Sometimes, to see a tragedy is to learn a bewildering new language, one difficult for others to understand. The Rev. James Lefebvre, in his 56 years as chaplain to the Albany police, FBI and others, has seen murders, suicides, mutilations and hostage situations.
Lefebvre, 81, has consoled countless cops and families on emergency calls, often late at night. He has learned to speak and listen to people who have seen awful things, who have encountered examples of man’s inhumanity.
Lefebvre will be honored at 4:30 p.m. Saturday at the Polish Community Center by Blue Friday, a nonprofit that assists the families of law enforcement officers killed or injured in the line of duty. The celebration of “A Life of Service to the Community,” will establish a scholarship in his name.
Lefebvre, a priest at St. Mary’s Church in Albany, considers police officers, Catholic or not, his parish. He said he knows police officers aren’t perfect, that may they make mistakes, but they are people trying to help their communities. “They’ve allowed me to share their fears, their joys, their sorrows,” Lefebvre said.
An awful sight like a murder can lead some to clam up, pull these bad memories inward, and not allow others to see their emotions. Lefebvre remembered police officers who would be shaken at the crime scene, then taciturn with their families. “What they do: ‘Let’s go on to the next one, close it up, bury it,'” Lefebvre said.
It’s as if some, after seeing the cruel things people can do, cannot easily explain their experience to others without similar experiences, so they seek those who understand, who can speak the same language as them, who can listen without too much need for translation.

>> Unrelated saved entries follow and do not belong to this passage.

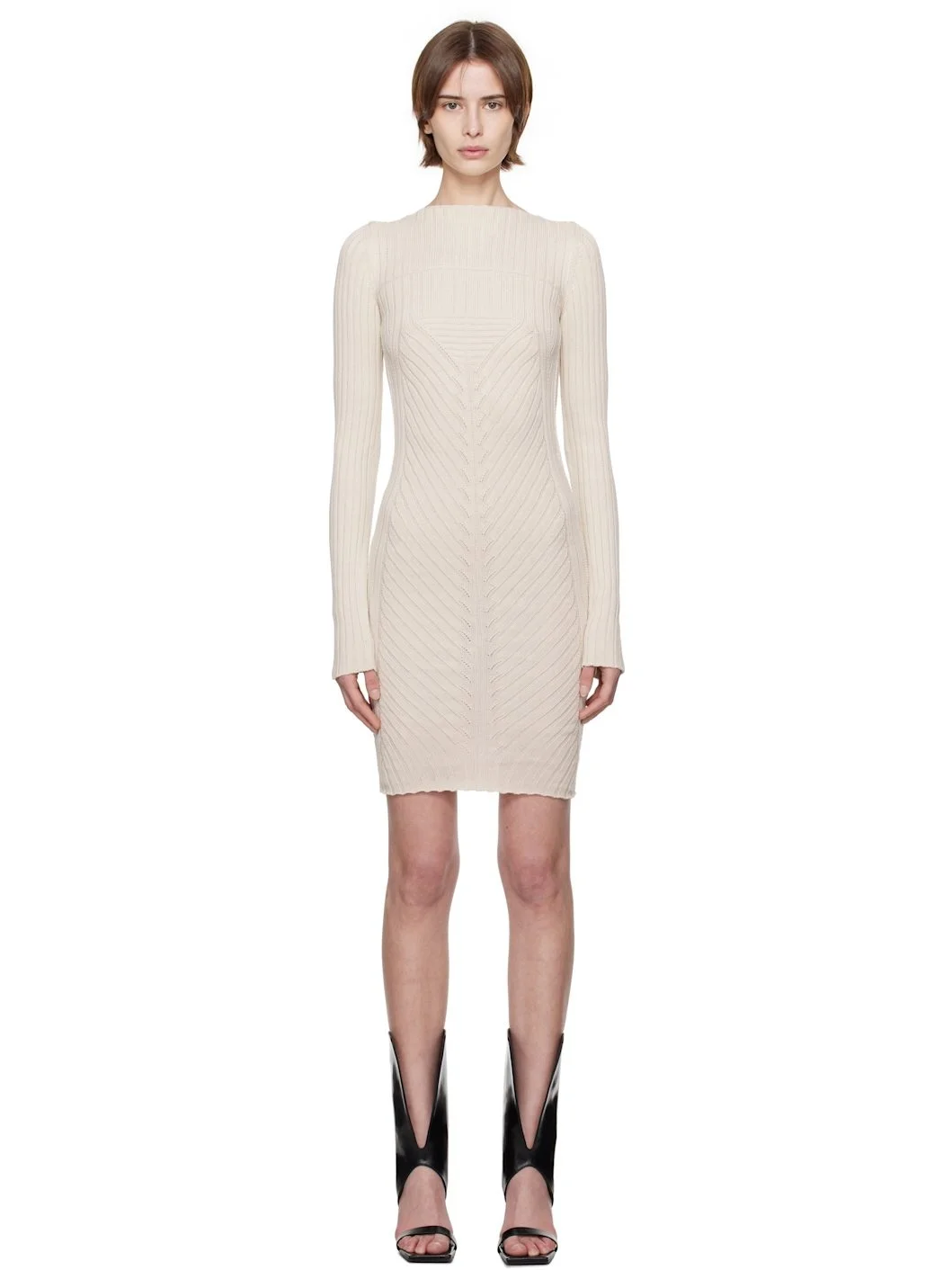 Heavyweight rib-knit cotton minidress. · Boat neck · Open back · Central garter-stitch stripe at back Supplier color: Dinge 100% cotton. Made in Italy 251232F052002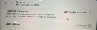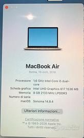 Vendo per passaggio a modello superiore questo MacBook Air 13 pollici (metà 2019) color Grigio Siderale. Il computer è stato tenuto con estrema cura, utilizzato principalmente per studio/università. È ideale per chi cerca un portatile leggerissimo, sottile e con uno schermo Retina dai colori spettacolari per guardare film o lavorare sui documenti. Specifiche Tecniche (come da foto): Display: 13,3" Retina con tecnologia True Tone. Processore: Intel Core i5 Dual-core a 1,6 GHz. RAM: 8 GB. Grafica: Intel UHD Graphics 617. Software: Già aggiornato all'ultima versione di macOS Sonoma. Sicurezza: Touch ID (sblocco con impronta digitale) perfettamente funzionante. Stato del prodotto: Estetica: Ottime condizioni, nessun segno evidente, sempre tenuto con cover protettiva e copertura per la tastiera. Batteria: Stato Normale Accessori: Incluso caricabatterie originale USB-C e scatola originale. Prezzo trattabile. Consegna a mano per permettervi di testarlo, oppure spedizione tracciata e assicurata. Disponibile per qualsiasi prova o altre foto!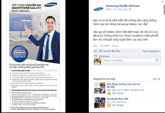 Samsung quảng cáo rộng rãi về khóa học Smart Academy giúp bạn có kiến thức cơ bản về cách sử dụng smartphone. Những điều bạn thu được sau khóa học là thông tin cơ bản và kiến thức sử dụng smartphone, thông tin về các dòng Samsung Galaxy như Note 3, Note 10.1, S4, hay tối ưu cách sử dụng camera và tạo bố cục ảnh trên smartphone.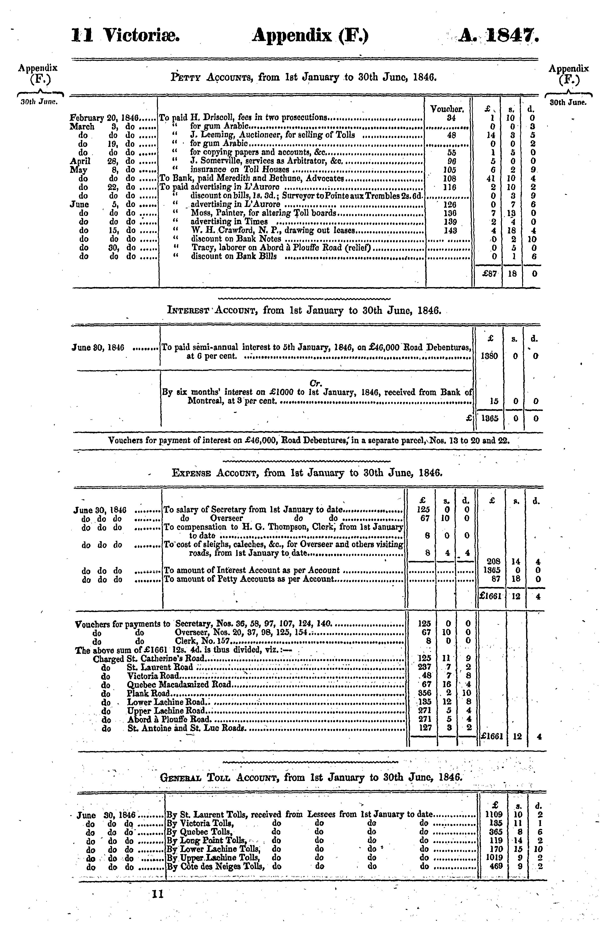 Appendix to the sixth volume of the journals of the Legislative Assembly of the Province of Canada, from the 2nd day of June to the 28th day of July, 1847, both days inclusive, and in the tenth and eleventh years of the reign of Our Sovereign Lady Queen Victoria, being the third session of the second provincial Parliament of Canada, session 1847 : 1847 (no. 1)
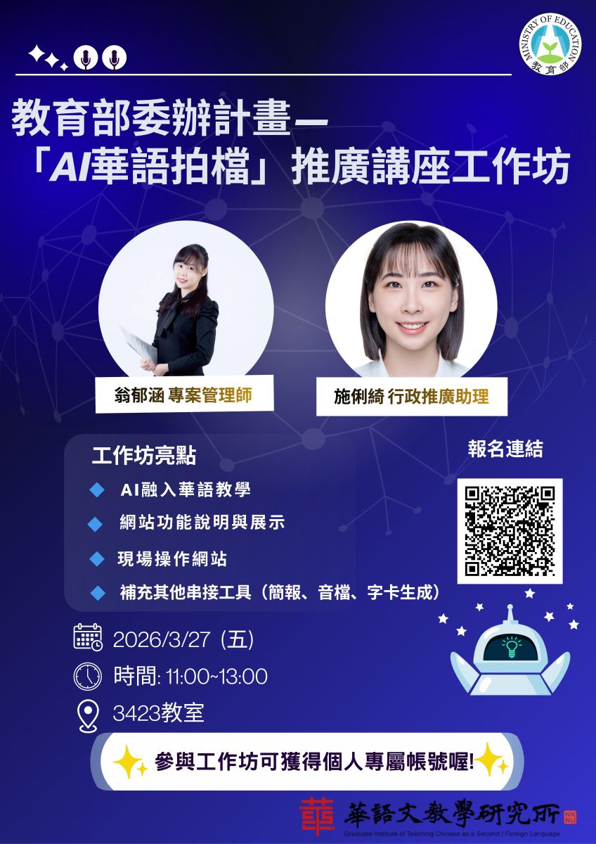 2026年3月27日(五) 工作坊:教育部委辦計畫- 「AI華語拍檔」推廣講座工作坊

Lefebvre, who spoke French as a boy before learning English, prides himself on being a priest who speaks cop. “‘I can understand what you’ve gone through,'” he said tells officers.
He recalled as a young man working with police Chief Edward C. McArdle, in the 1970s. One day, a prisoner reached over and used a police officer’s gun to shoot him in his police car.
“‘The chief, (who) never would say too much, said, ‘Get in the car,'” Lefebvre said.
“Where are we going, chief?”
“I said, ‘Get in the car.'”
They went to scene, returned to the station and then went back again. They did it five times.
Lefebvre said he didn’t want to see the scene again, and then again. Looking back now, however, that was probably the chief’s way of coping, Lefebvre said.
As he talked, Lefebvre’s hands stayed busy, either waving through the air or doodling on a note pad.
Each person coped with the job in different ways, Lefebvre said. Some buried their thoughts, some shared them, and others used humor.
He recalled a shooting in August of last year, when a man named Jarquell Wiliams shot another man in the head in a dispute over a bicycle.
Williams ran into an apartment and barricaded himself as a SWAT team surrounded the building. Lefebvre came to the scene, as he often does, for support.
He sat on rain-soaked park bench with detectives waiting for the standoff to end. He lit a cigarette from his pack of Pall Malls as police fired tear gas at the apartment.
After the standoff, Lefebvre said officers asked, “Don’t lie to us, Father, were you afraid?”
He assured them he was not. The cops laughed. “Look at your pants.”
His pants was indeed soaked, presumably from the rain on park bench from the night before, Lefebvre said.
The man Williams shot in the head, Marquis Rowlett, 25, died, and Williams was later found guilty of murder.
“It’s not diminishing the tragedy,” Lefebvre said of the small jokes. “Sometimes there’s humor, there’s something to laugh at, that takes the sting out of what they saw.”
“He has seen the good, the bad, and the ugly,” police Chief Brendon Cox said of Lefebvre. “He knows what it’s like to walk in our shoes. When he is around, I would say the men and women of the department don’t shy away from what they want to say. He sees everyone in their truest form.”